東日本大震災から9年半が経過したが、現地では住民の被災、避難や転出による人口減少が回復しない所が多い。特に、東京電力福島第1原発の事故によって住民が故郷と将来の夢を奪われた福島県では過疎化が深刻だ。

その中で、地域を再活性化させようと外部からの移住受け入れによる村おこしに力を注いでいるのが、同県飯舘村だ。元々6千人あった人口は事故による全村強制避難で激減し、避難指示解除で村当局が帰還促進に努めたものの、戻ったのは2割程度。アンケートでは「条件が整えば帰りたい」が90%あったが、人口の減少で地域経済が回らず、それによって帰還が遅れるという悪循環も起きているようだ。そのため、村内に住居と農業や商売などの仕事を確保して転入を促進するプランを打ち出した。

地元の方言で「丁寧な」を意味する「『までいな』暮らしへの誘い」という呼び掛け冊子を各地に配布。村の審査によって、家を新築する場合は最大500万円、空き家購入は同200万円、賃借なら月額家賃の半額を補助し、最長1カ月間無料の「お試し住宅」も提供、新規就農や起業には最大240万円を補助するという手厚い策を紹介している。

既にこれに応じて移住、定着した人もかなりおり、県内から移って栄養士をする若い女性、地域に溶け込んで農業を続ける男性、そして遠くは米国移住から帰国して村の道の駅で働く女性や鹿児島県から来て園芸に励む男性もいる。

長く村役場で農政担当職員を務めた地元の真宗寺院住職は「元の村民でも避難先から戻れなくなってしまった方も多い。村外の方もどしどし呼び込み、あと5年は暮らしをつないでいくことに傾注しないと、村が廃れかねない」と危機感を募らせ、移住推進に力を入れてきた。

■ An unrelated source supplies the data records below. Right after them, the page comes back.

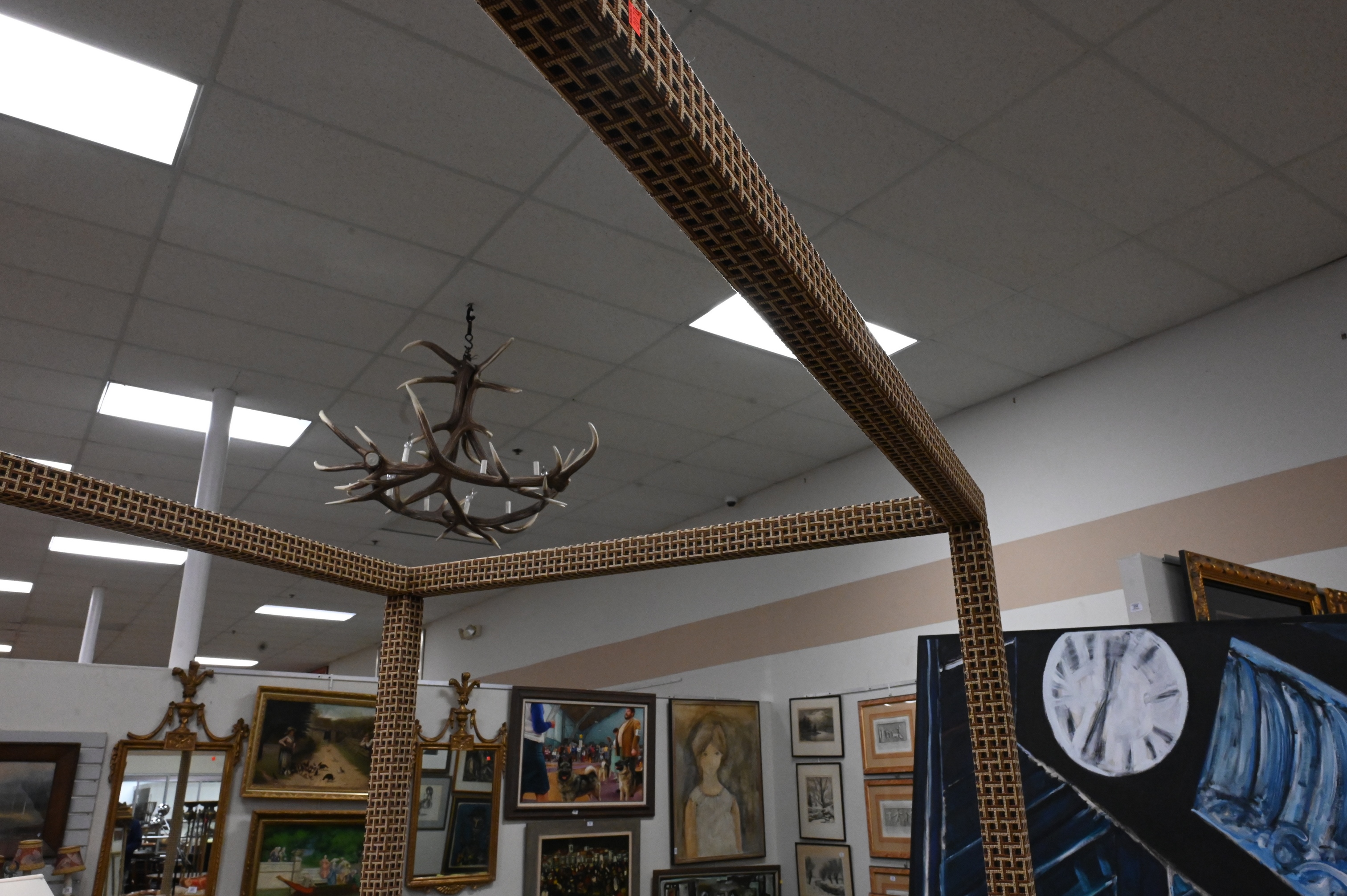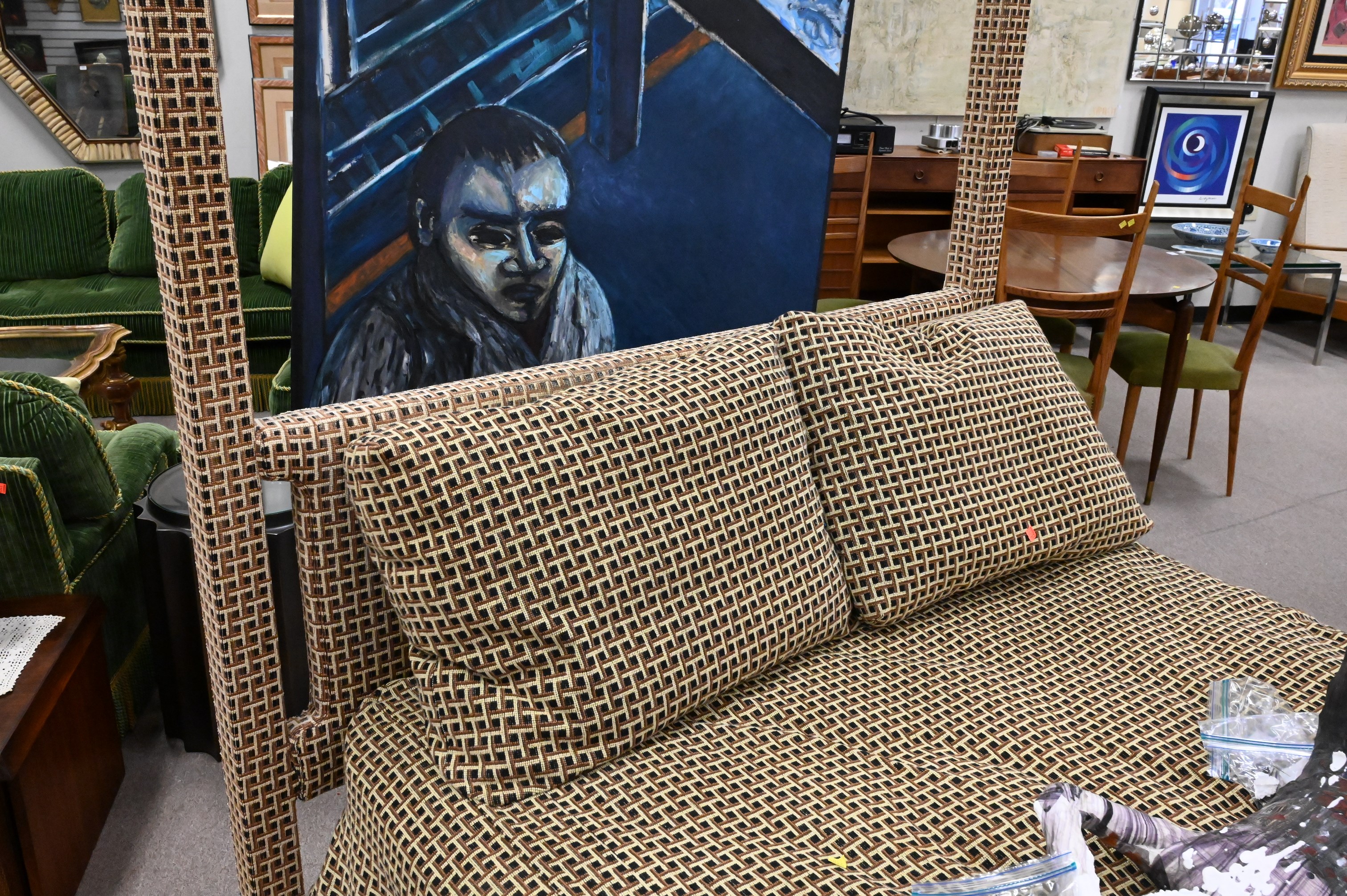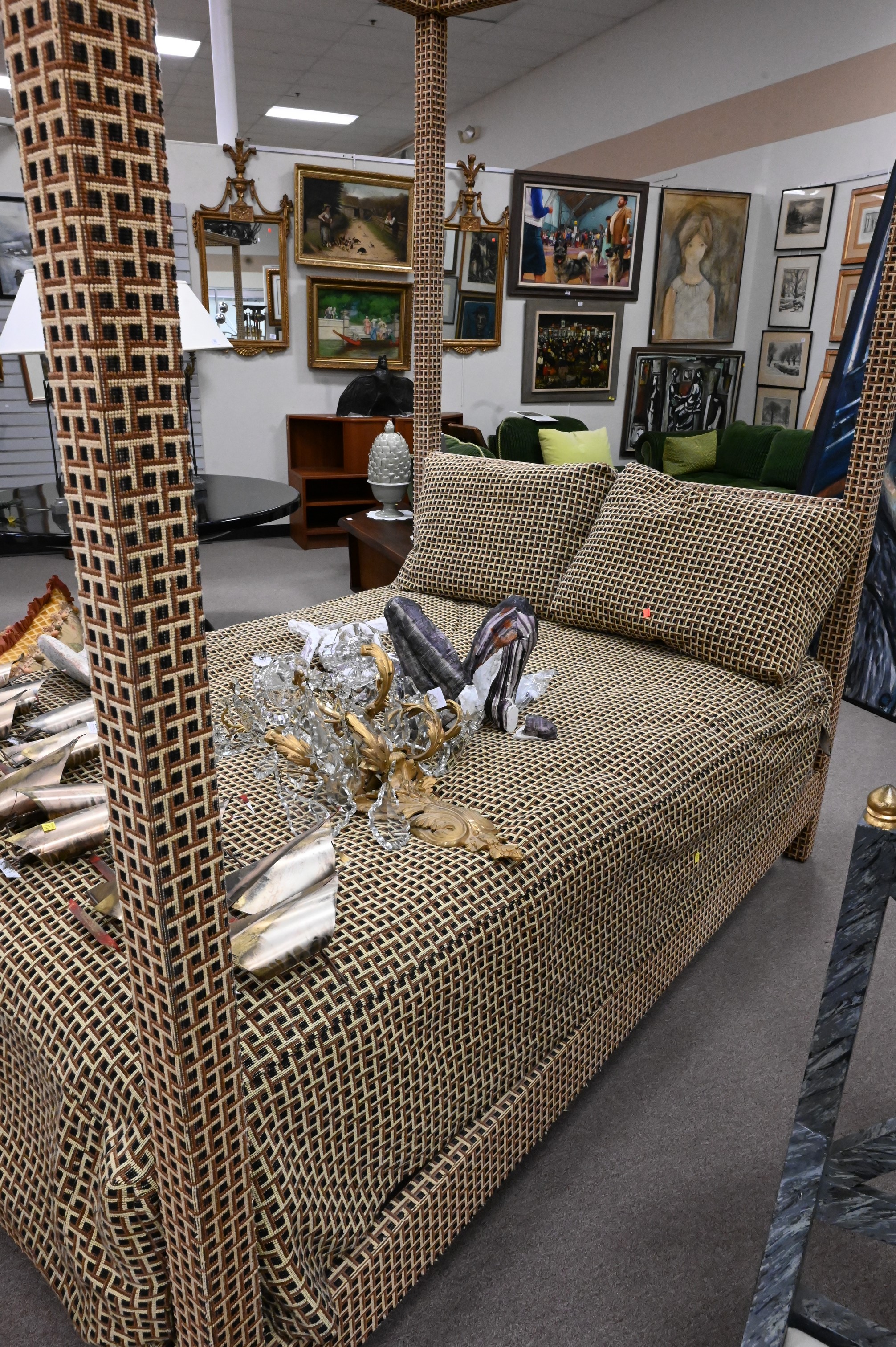 Milo Baughman Style Canopy Bed, full size, height 90 1/2 inches, width 57 1/2 inches.
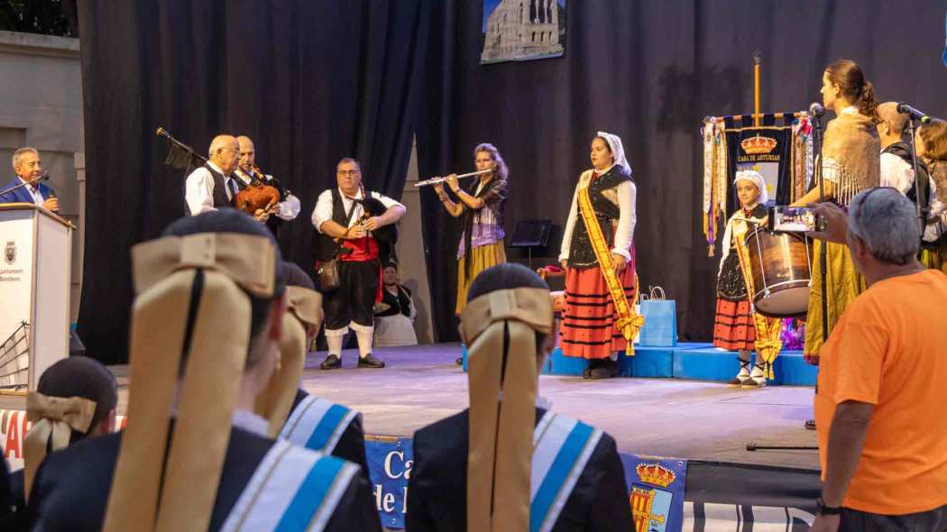El acto finalizo con la interpretación de los himnos de Asturias, Benidorm y Comunitat Valencia que dieron paso al fin de fiesta con actuaciones musicales y ‘culines’ en el Certamen de la Sidra.
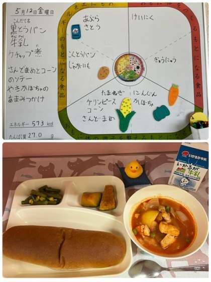 給食ではたくさんの食材が使われているので、これから少しずついろいろな食べものの味を知ってもらいたいと思っています^^
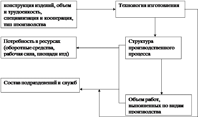 Основной, вспомогательный, обслуживающий – соответственно: изготовление продукции в соответствии со специализацией, продукция которого используется в основном П непосредственно (инструмент), обеспечивающий бесперебойную работу. Процесс состоит из операций, которые определяют его структуру. Операция - часть ПП, выполняемая на одном рабочем месте, одними и теми же средствами труда над одними и теми же предметами труда, одним или несколькими рабочими без переналадки оборудования. Виды операций: основные, в процессе которых происходит изменение формы, свойств, объема, взаиморасположения предметов труда; вспомогательные, в процессе которых происходит изменение месторасположения деталей, сборочных единиц в пространстве, контроль; Процесс может быть: дискретный, непрерывный, импульсивный (свойства 2 первых); простым, сложным – соответственно из ряда последовательных операций изготовления определенного объекта и совокупность координированных во времени простых процессов; трудовым, естественным– соответственно выполняются с участием и без участия человека. Структура ПП определяет состав подразделений предприятия. На структуру ПП в машиностроении оказывают влияние следующие факторы: конструкция изделий, объем выпуска, трудоемкость, уровень специализации, кооперирования. Структура ПП и объем работ определяют потребность в ресурсах. Взаимосвязи факторов, влияющих на ПП, представлены на рис. 1.2.1.
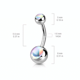 This is our iridescent stone belly rings, colourful and bright. The belly bars are comfortable to wear, bargain priced and suitable for year round wear. Waterproof and durable, our iridescent stone belly rings offer a unique twist on the standard classique belly bars.
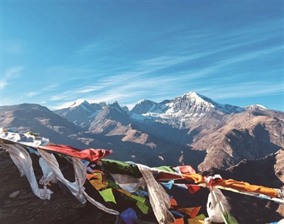 穿越卡久景区,在雪山指引下一路蜿蜒攀登,位于措美县的恰拉脱岗雪山直入眼帘,最为夺目。崇山峻岭之间,雪山巍然屹立,圣洁而壮美,让人留恋不已。
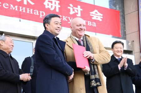 本次中俄绘画艺术作品展由best365中国官方网站莫斯科艺术学院院长梁晶主持,出席开幕式的嘉宾有北京枫华国际文化交流有限公司董事长、莫斯科艺术学院联合管理委员会副主任魏新民教授,中国孔子基金会副会长李长明先生,中国孔子基金传统文化教育分会副会长孙润来先生,俄罗斯功勋画家和人民艺术家、渭南市文联主席骆苏弟先生,陕西盛悦实业有限公司王新民先生以及国内艺术界、企业界的朋友。best365中国官方网站副校长李海龙教授与莫科艺术学院联合管理委员会副主任魏新民教授分别致辞,丁德科校长对莅临嘉宾表示热烈欢迎,并向俄罗斯画家别格洛夫·亚历山大·伊凡诺维奇、热尔瓦苛夫·瓦切斯拉夫·尤里耶维奇、斯特洛斯基·彼得·基莫非耶维奇及多尔基赫·柳芭·彼得洛夫娜颁发聘书,随后功勋画家俄罗斯国际文学艺术科学院院长斯特洛斯基·彼得·基莫非耶维奇做了致辞。
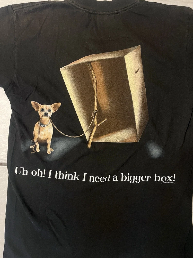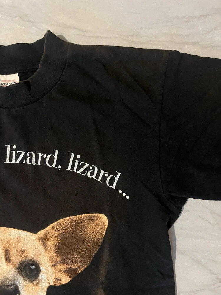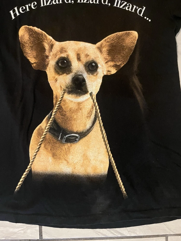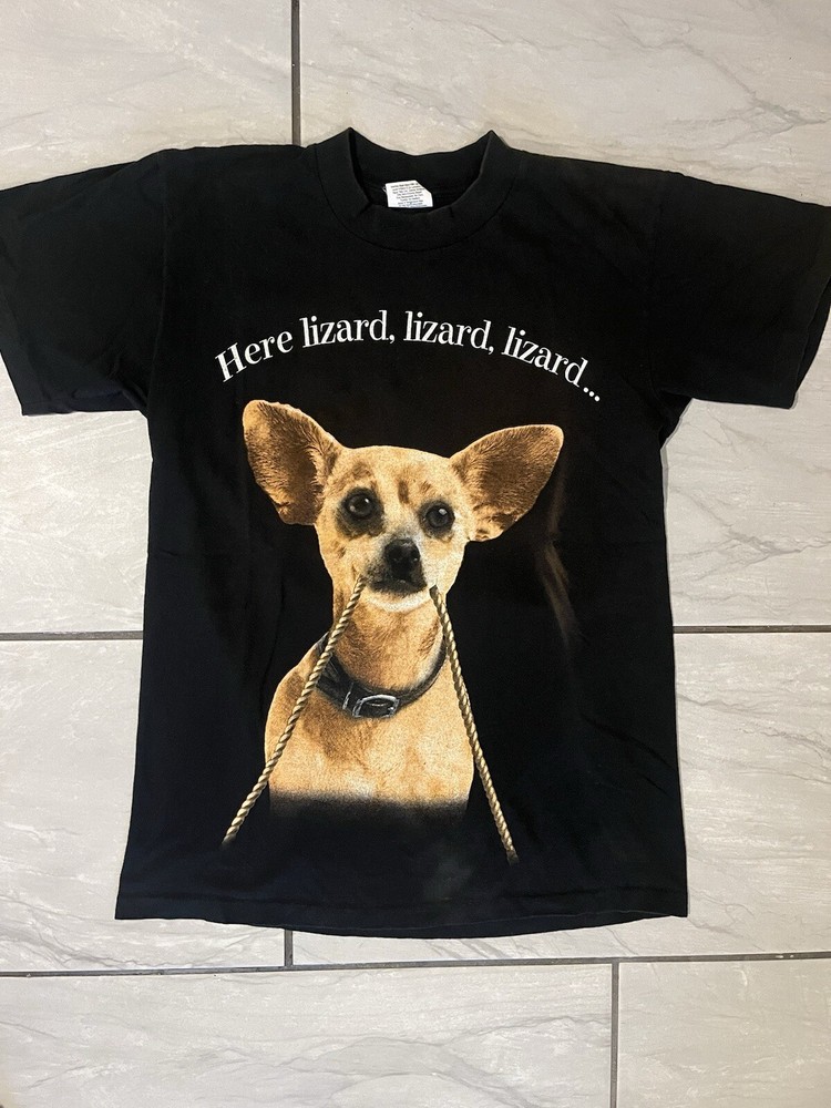 Vintage 1998 Godzilla Taco Bell movie Promo shirt in size Medium. Good condition. NOTE: light faded spot under front graphic and sun fading/bleach on the backside of the shoulders (shown in photos) Measurements: 21” x 27” Shipped 1-2 days after purchase. This vintage 1998 Godzilla movie promo t-shirt is a must-have for any fan of the iconic monster movie character. Featuring a solid pattern with short sleeves and a crew neck, this black cotton t-shirt is comfortable and stylish. The shirt is a size medium and has a regular fit, making it a great choice for any man who wants to show off their love for Godzilla. The t-shirt has a double-sided feature and is a vintage piece from the 90s. It is made in the United States and has the Taco Bell character family logo on it. This item is perfect for collectors and fans of the Godzilla franchise who want to add a unique piece to their collection.
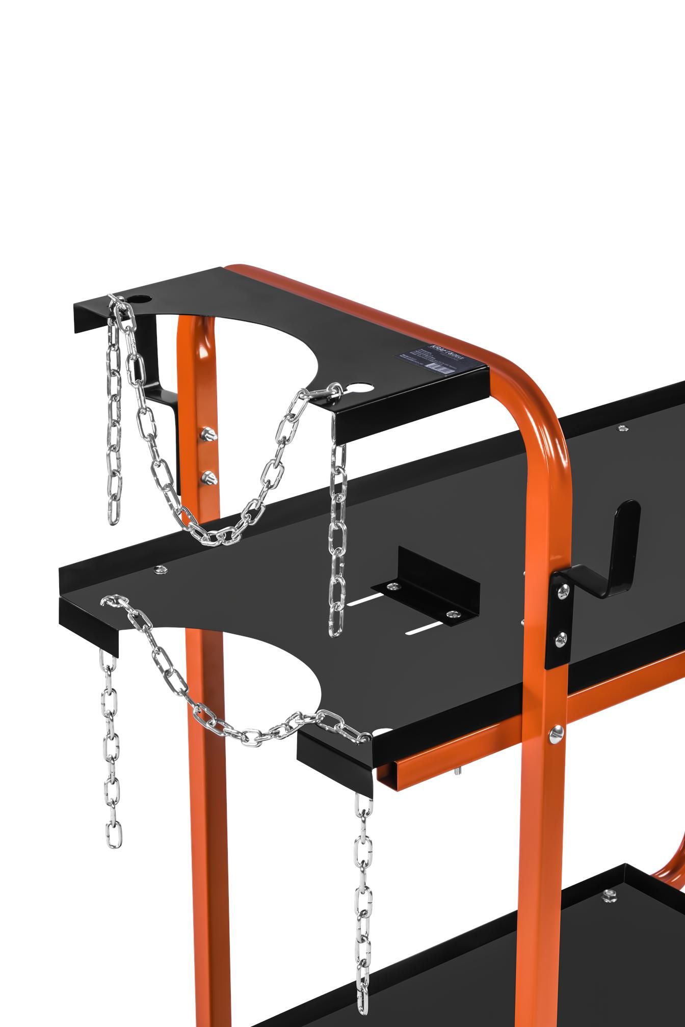 Półka na butlę oraz łańcuchy mocujące pomagają utrzymać butlę w stabilnej pozycji podczas przemieszczania.
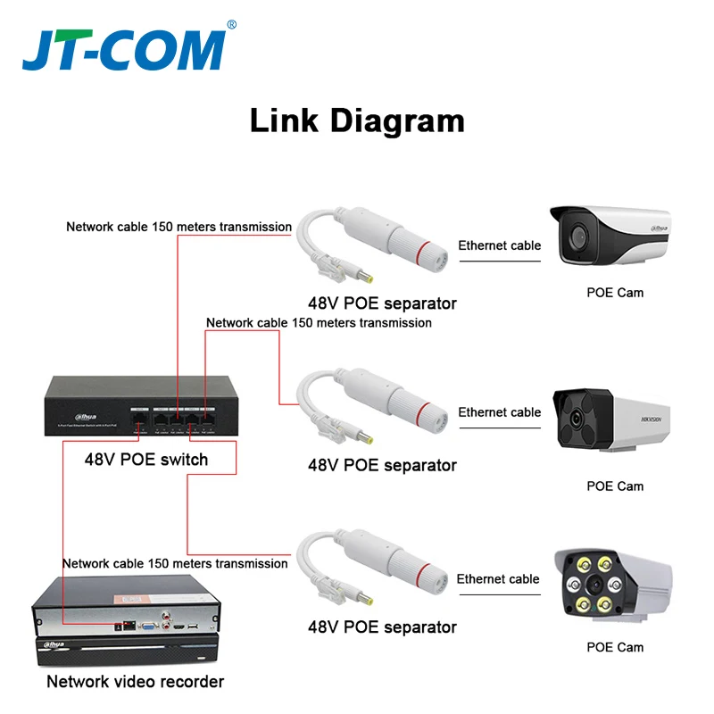 Comprar Divisor POE de 48V a 12V, tipo inyector estándar y módulo de suministro de Cable adaptador de corriente y vídeo impermeable para extensor de cámara IP

住職の寺をはじめ地元相馬地方の真宗門徒の多くは、今から200年以上前の天明の大飢饉で村が疲弊し人口が激減した際、復興のために越中富山地方から入植してきた「北陸門徒」の移民の子孫だ。彼らは固い信仰に支えられながら、荒地を開墾し、身を寄せ合うようにして村を興してきた。その大変な苦労の歴史の上に豊かな故郷があり、それが原発事故で破壊されたのだった。

だが「までい」には「心を込めて、頑張って」という意味もある。住職は「私たち移民の歴史をまた繰り返すと思えば大丈夫。次の次の世代に夢を残せば、村民の孫たちもきっと戻ってこられる」と顔を輝かせる。